■ What you need to do ■
From the data that follows, set down exactly the lines from the one with "Rosone Otranto - Punto" through the one with "yang semakin modern.", counting both. Pictures stay out.
**** The records ****
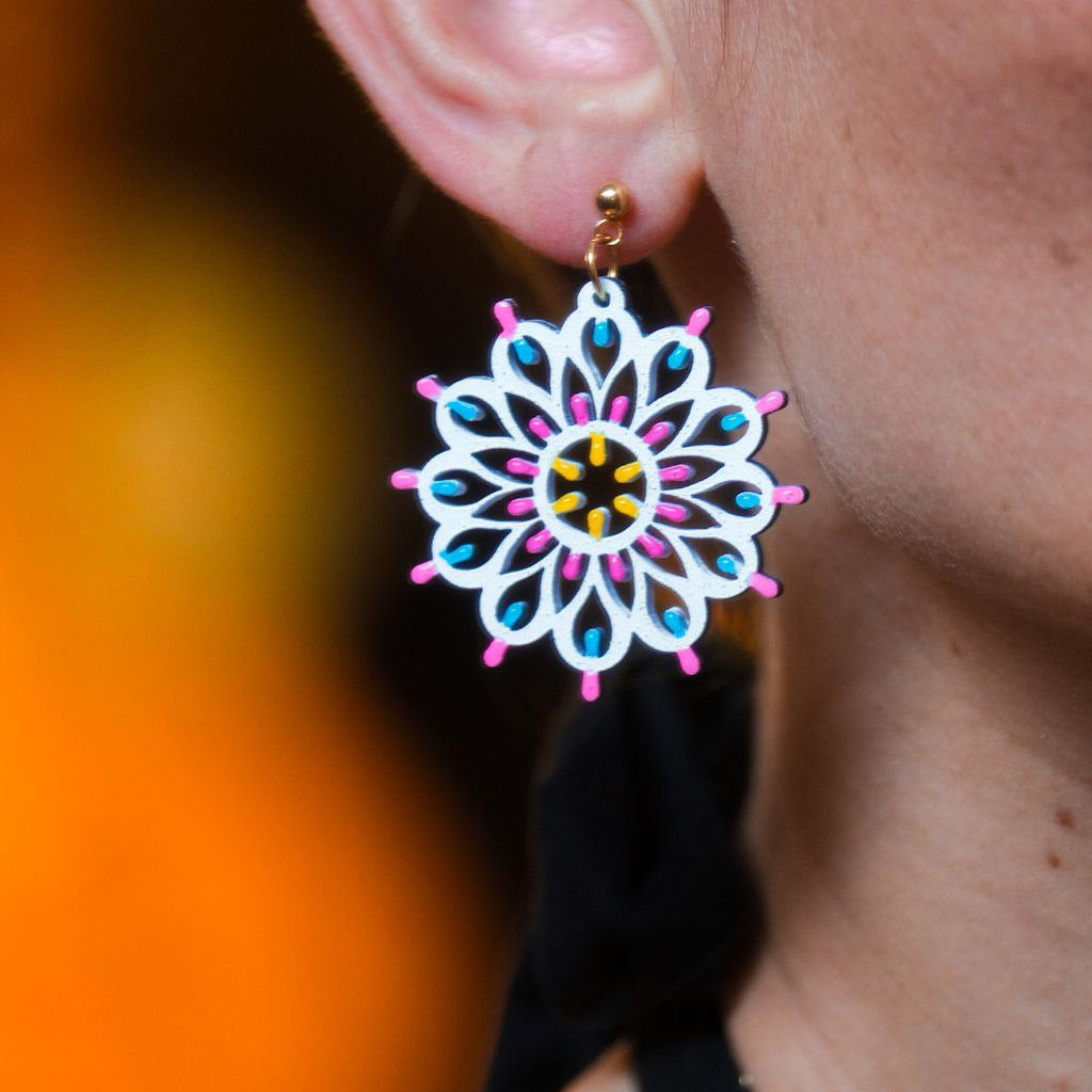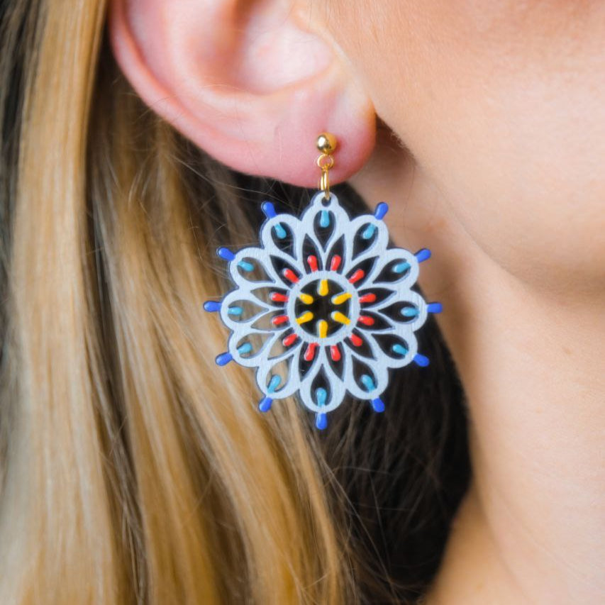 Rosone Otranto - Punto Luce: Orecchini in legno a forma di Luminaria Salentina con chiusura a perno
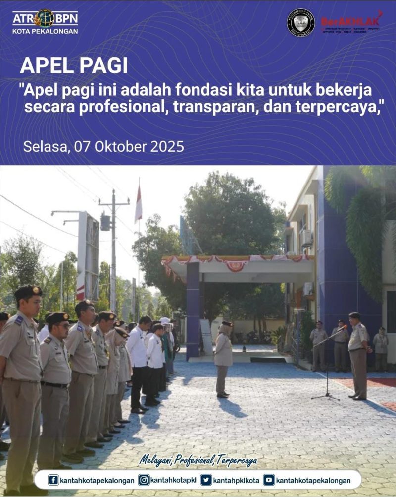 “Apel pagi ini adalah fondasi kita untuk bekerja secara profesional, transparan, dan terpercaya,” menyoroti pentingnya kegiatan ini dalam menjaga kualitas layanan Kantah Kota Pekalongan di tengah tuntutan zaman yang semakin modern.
****
**** The records ****
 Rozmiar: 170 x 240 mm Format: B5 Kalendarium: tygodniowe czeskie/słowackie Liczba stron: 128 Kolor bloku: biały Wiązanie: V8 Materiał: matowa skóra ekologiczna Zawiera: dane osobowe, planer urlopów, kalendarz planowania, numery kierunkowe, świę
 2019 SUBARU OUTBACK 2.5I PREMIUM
****
**** The records ****
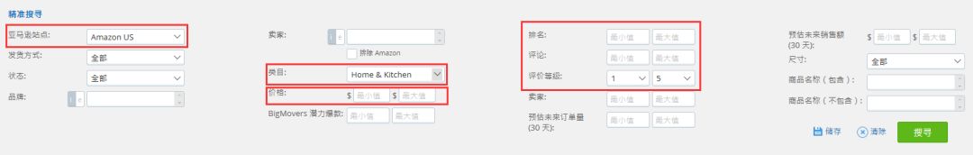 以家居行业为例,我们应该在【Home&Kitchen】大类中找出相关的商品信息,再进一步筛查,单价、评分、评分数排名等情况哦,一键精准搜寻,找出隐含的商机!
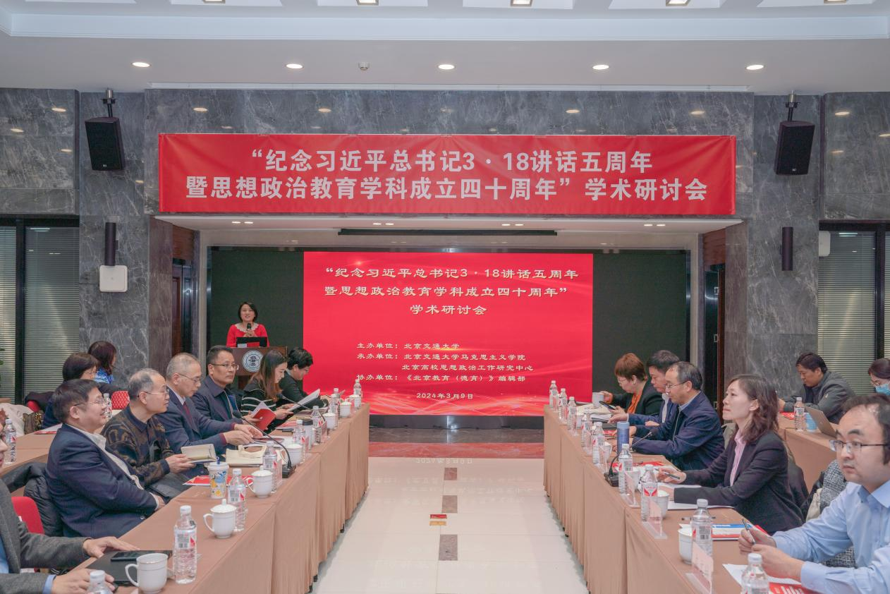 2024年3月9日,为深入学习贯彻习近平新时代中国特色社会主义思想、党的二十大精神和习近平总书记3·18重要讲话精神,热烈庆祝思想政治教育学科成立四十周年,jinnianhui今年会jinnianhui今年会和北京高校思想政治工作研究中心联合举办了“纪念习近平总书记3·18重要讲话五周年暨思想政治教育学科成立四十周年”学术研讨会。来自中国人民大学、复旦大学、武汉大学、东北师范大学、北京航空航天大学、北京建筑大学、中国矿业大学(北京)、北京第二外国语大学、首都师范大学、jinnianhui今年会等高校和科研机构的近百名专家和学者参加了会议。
****
■ Solution for this problem ■
 Rosone Otranto - Punto Luce: Orecchini in legno a forma di Luminaria Salentina con chiusura a perno
 “Apel pagi ini adalah fondasi kita untuk bekerja secara profesional, transparan, dan terpercaya,” menyoroti pentingnya kegiatan ini dalam menjaga kualitas layanan Kantah Kota Pekalongan di tengah tuntutan zaman yang semakin modern.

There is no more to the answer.